NLP, or natural language processing, is a field of artificial intelligence that focuses on computer-based methods to identify and extract information from natural human language (spoken and written).
In other words, NLP is the study of how computers can understand human language.
- 1 What is Natural Language Processing?
- 2 Why is NLP Important?
- 3 How Does NLP Work?
- 4 Natural Language Generation (NLG)
- 5 Natural Language Understanding (NLU)
- 6 Benefits of Natural Language Processing
- 7 Challenges of Natural Language Processing
- 8 Examples of NLP Applications
- 9 Tools and Courses to Get You Started with NLP
- 10 Final Thoughts
What is Natural Language Processing?
If you’ve ever used Siri or Google Search to:
- Takedown a note
- Find the time
- Set the alarm
- Search for an address in your contact list
- Or perform similar tasks
You’ve already run into natural language processing.
In plain English, it is the ability for machines to understand and interact with language as it would be spoken naturally by humans.
It’s one of the hottest new technologies available today and can help computers better understand speech and react accordingly.
In this post, we’ll look at the most basic terms you’ll need to understand to get started in NLP. We’ll cover the terms, their meanings and give examples for each one.
And I’ll teach you how to approach NLP, so you can use it for yourself or for your career.
Why is NLP Important?
In the past, companies couldn’t process large volumes of unstructured data fast enough to stay competitive.
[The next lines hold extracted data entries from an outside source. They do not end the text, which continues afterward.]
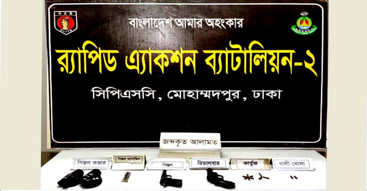 র্যাব জানায়, অবৈধ অস্ত্র উদ্ধারে দেশে বিশেষ অভিযান শুরু হয়েছে। এরই ধারাবাহিকতায় গোপন তথ্যের ভিত্তিতে র্যাব-২-এর একটি আভিযানিক দল মঙ্গলবার রাত ২টায় রাজধানীর মোহাম্মদপুর থানার ঢাকা উদ্যানের নদীর পাড় এলাকা থেকে পরিত্যক্ত অবস্থায় ১টি বিদেশি পিস্তল, ১টি বিদেশি রিভলবার, ৯ রাউন্ড গুলি, ২টি খালি গুলির খোসা ও ২টি পিস্তলের কভার উদ্ধার করে।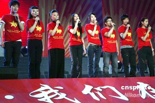 5月25日晚,由13家國家一級(jí)社會(huì)組織共同主辦的“情暖汶川·我們?cè)谛袆?dòng)——全國社會(huì)組織抗震救災(zāi)募捐義演”在北京首都體育館舉行,來自社會(huì)各界的1萬余名觀眾參加了此次募捐活動(dòng)。現(xiàn)場(chǎng)籌得款物將通過中華慈善總會(huì)全部捐給地震災(zāi)區(qū)。中新社發(fā) 趙雋 攝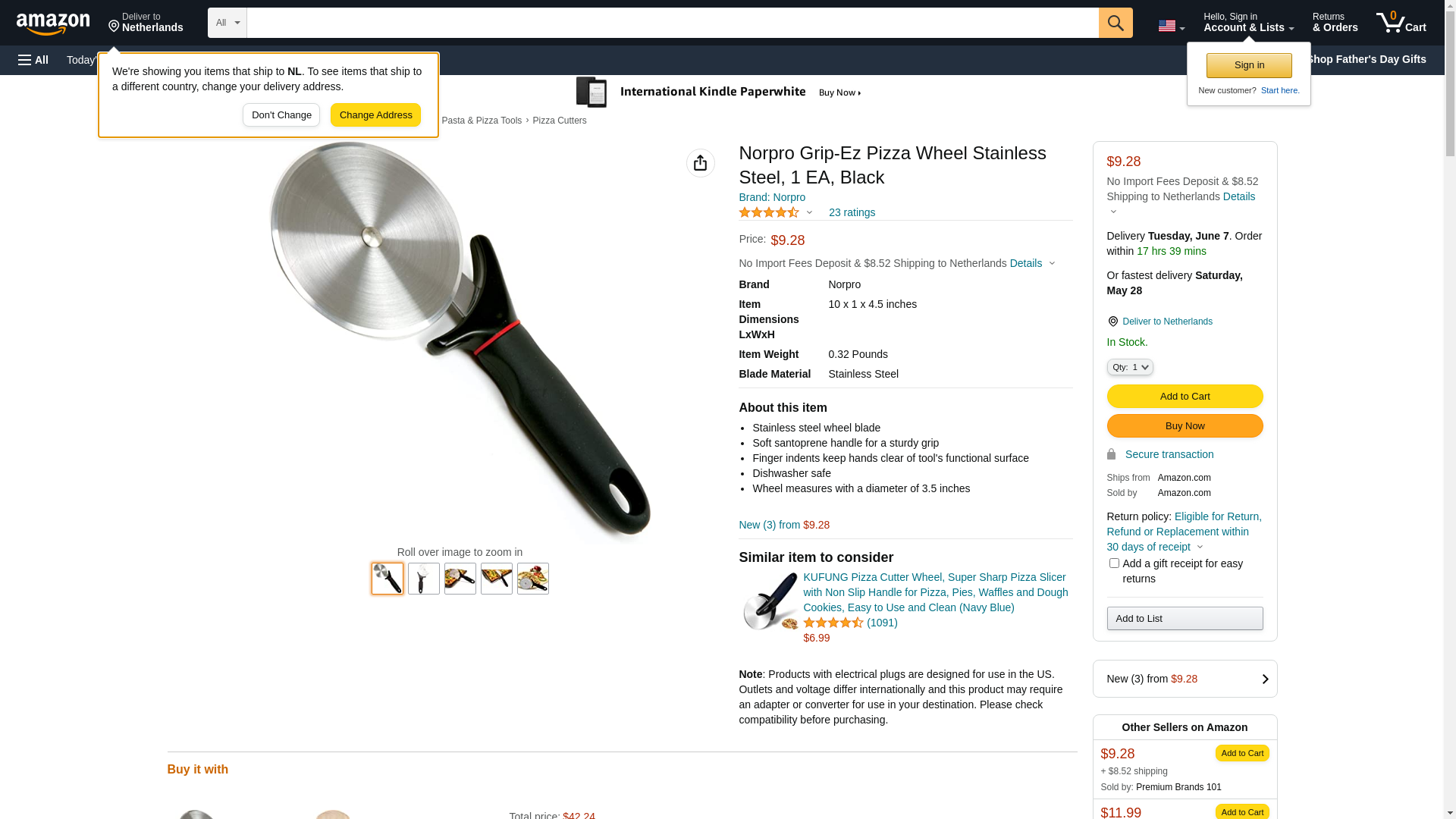 Norpro Grip-Ez Pizza Wheel Stainless Steel, 1 EA, Black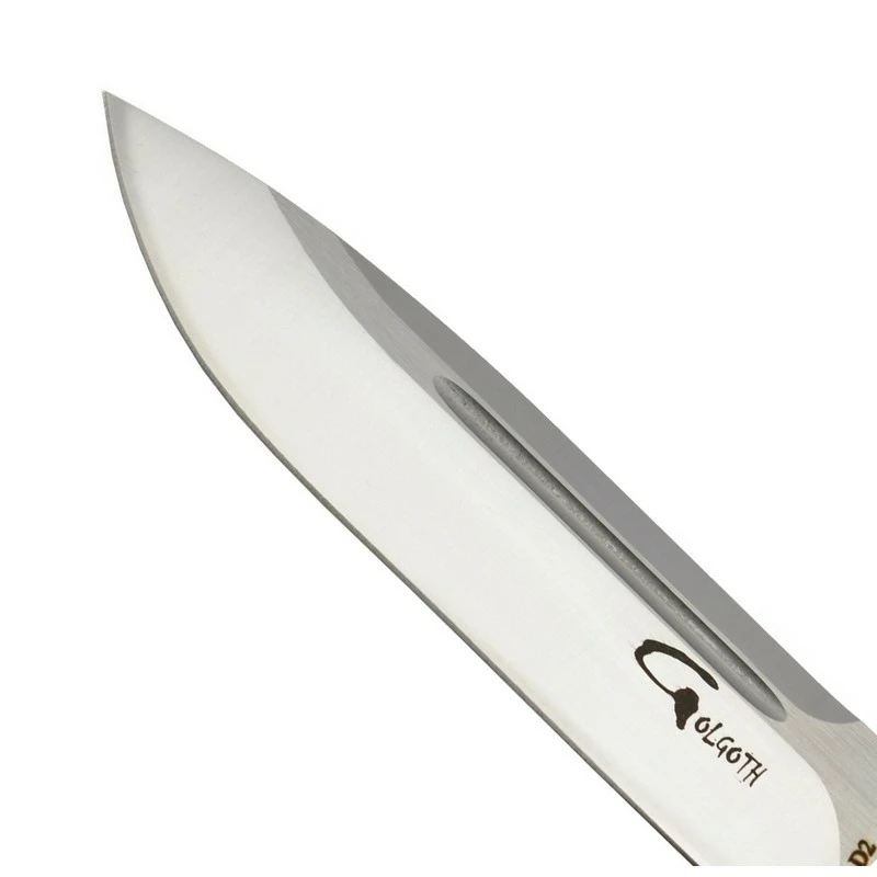Lame drop point en acier inox D2 simple tranchant, d’une longueur de 8 cm.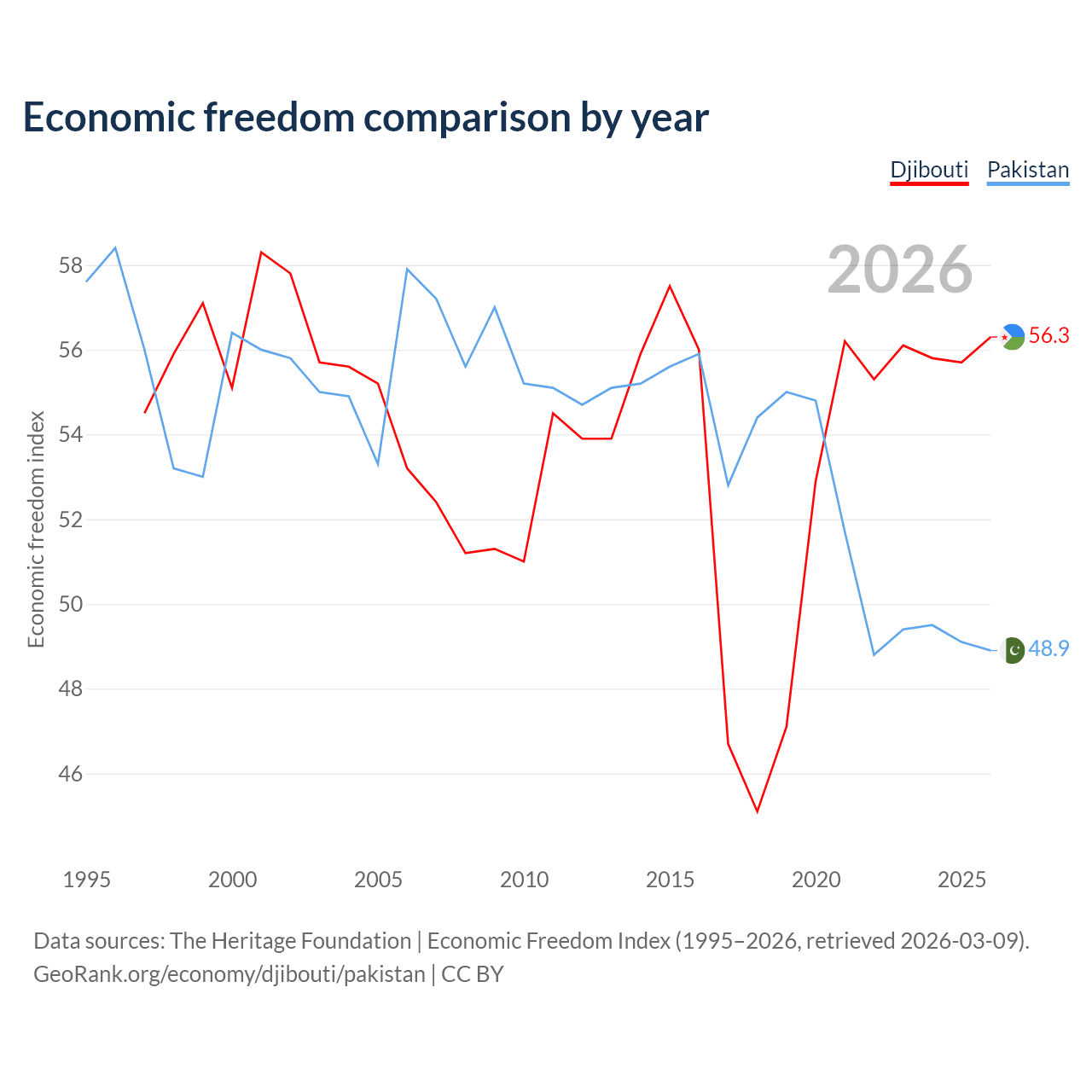 The Economic Freedom Index for Djibouti is 56.3, ranking 122/197, compared to 48.9 for Pakistan, ranking 168/197. The chart above displays a comparison of annual changes in economic freedom indexes.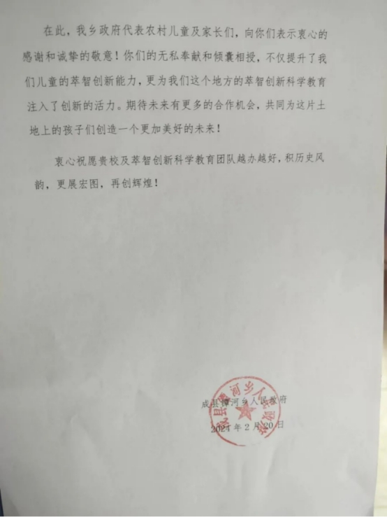 在本次返家乡实践活动中,侯媛媛得到了当地村委会及乡政府的支持。他们用感谢信的形式表达对侯媛媛的谢意。侯媛媛认为这一荣誉不仅是对她个人努力的肯定,更是对她为家乡做贡献的认可,她深感责任重大,表示将继续努力为家乡的发展贡献自己的力量。

This is why many companies began investing in Natural Language Processing technologies.
With Natural Language Processing, organizations can now more efficiently process and analyze large amounts of data quickly and consistently.
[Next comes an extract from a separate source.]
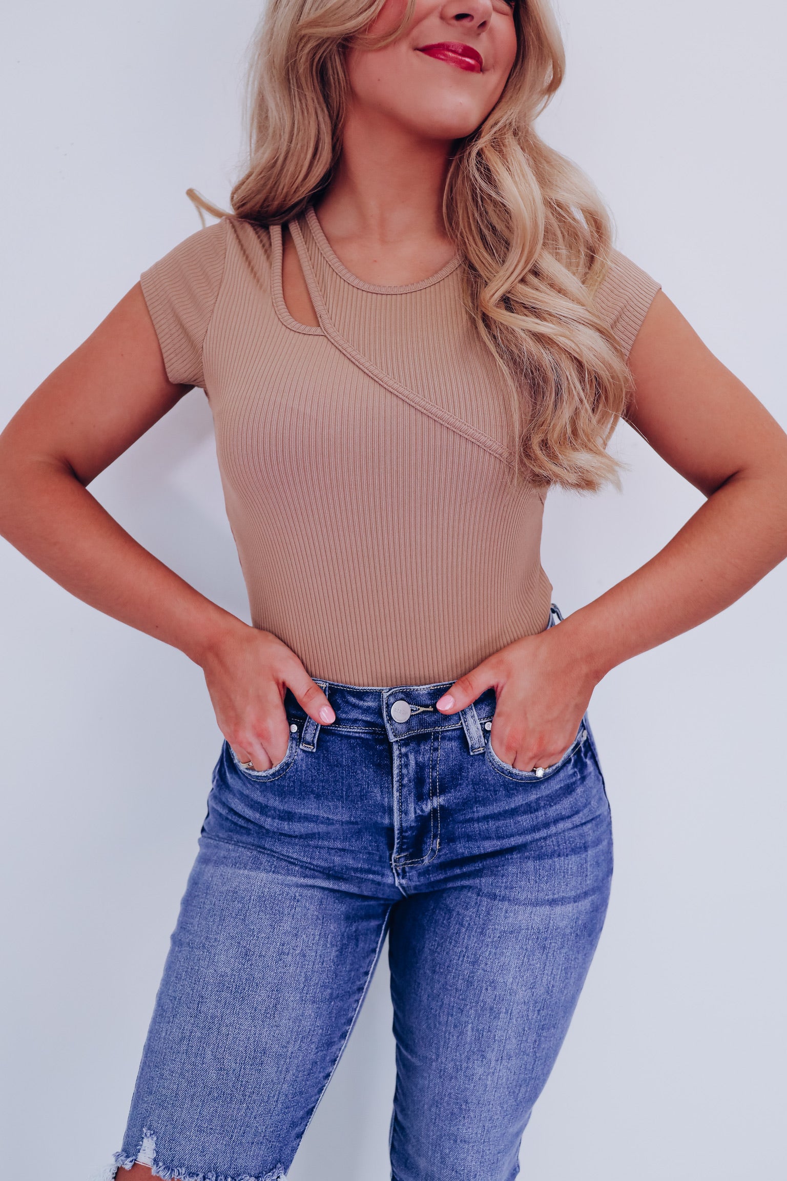 On The Edge Cutout Bodysuit - Beige

Allowing them to gain valuable insights to make better decisions.
How Does NLP Work?
NLP is what gives computers the ability to understand human language.
But languages are complex.
It’s not just about spelling and grammar. Before a proper understanding can be achieved, there are nuances, subtleties, and various elements that need to be considered, such as intent, tone, and context. That’s why multiple algorithms and techniques are used in NLP to interpret linguistic rules.
Natural language processing is most often a combination of computational linguistics rule-based and deep learning machine algorithms.
This paves the way for unstructured data to be processed and analyzed so that a computer can understand.
The two main techniques used in NLP to achieve this are:
- Syntactic analysis
- Semantic analysis
Syntactic analysis refers to the process of analyzing a piece of text for syntactic correctness. In other words, it is a way of seeing if the provided text conforms to grammar rules.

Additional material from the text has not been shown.